O pedido feito pelo parlamentar de oposição questiona o momento escolhido por Lula para dar o aumento e afirma que isso pode “desequilibrar” a disputa eleitoral. O congressista argumenta com base no artigo 73 da Lei das Eleições, que estabelece que, em anos eleitorais, é proibida a distribuição gratuita de bens, valores ou benefícios pela administração pública, ressalvados os programas sociais autorizados em lei e já em execução orçamentária no exercício anterior.

O Bolsa Família foi implementado em 2003 e, depois de um período suspenso no governo de Jair Bolsonaro (PL), foi retomado no final de 2020.

Zé Trovão afirma que a Justiça Eleitoral precisa “analisar as circunstâncias do reajuste”. “A discussão não está relacionada ao direito das famílias que dependem do programa, mas ao uso de uma política pública de enorme alcance justamente às vésperas da escolha dos próximos representantes do país. Não estamos questionando o Bolsa Família. Estamos questionando o tamanho e o impacto dessa decisão. Faltando 17 dias para o brasileiro ir às urnas, o governo anuncia um aumento de 15% em um benefício que chega a quase 20 milhões de famílias. Isso não pode passar despercebido pela Justiça Eleitoral”, afirma o deputado.

Entenda

A ação movida pelo congressista vem na esteira do anúncio feito pelo presidente Luiz Inácio Lula da Silva (PT) nesta quinta-feira (17) de um reajuste no programa Bolsa Família. O piso do benefício sai de R$ 600 para R$ 691. O benefício médio passará de R$ 675 para R$ 777.

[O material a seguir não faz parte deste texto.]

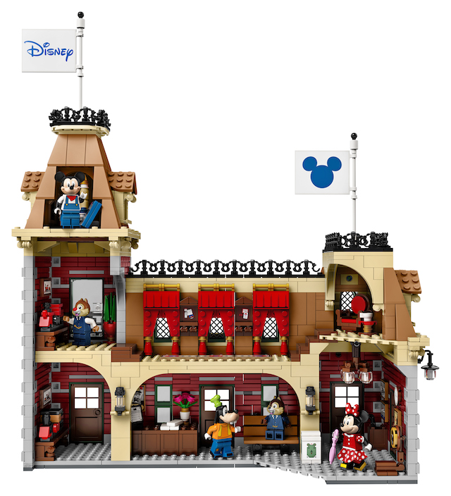 This US$329.99, 2,925-piece "LEGO Disney 71044 Train and Station" set also includes a three-story, 15-inch-tall model of the Main Street station, including a ticket counter, cafe corner, and a tower room, all featuring brick-built furnishings and details such as draped windows, a wall clock, and a ceiling chandelier.

De acordo com o Ministério do Planejamento e Orçamento, o reajuste corresponde à recomposição da inflação, medida pelo INPC (Índice Nacional de Preços ao Consumidor). O reajuste será de 15,04%.

O benefício no valor corrigido começará a ser pago em outubro. Para este ano, o impacto fiscal é de R$ 5,8 bilhões. A previsão é de que o reajuste custe R$ 22 bilhões em 2027. O governo ajustará o PLOA (Projeto de Lei Orçamentária Anual) que enviou ao Congresso Nacional.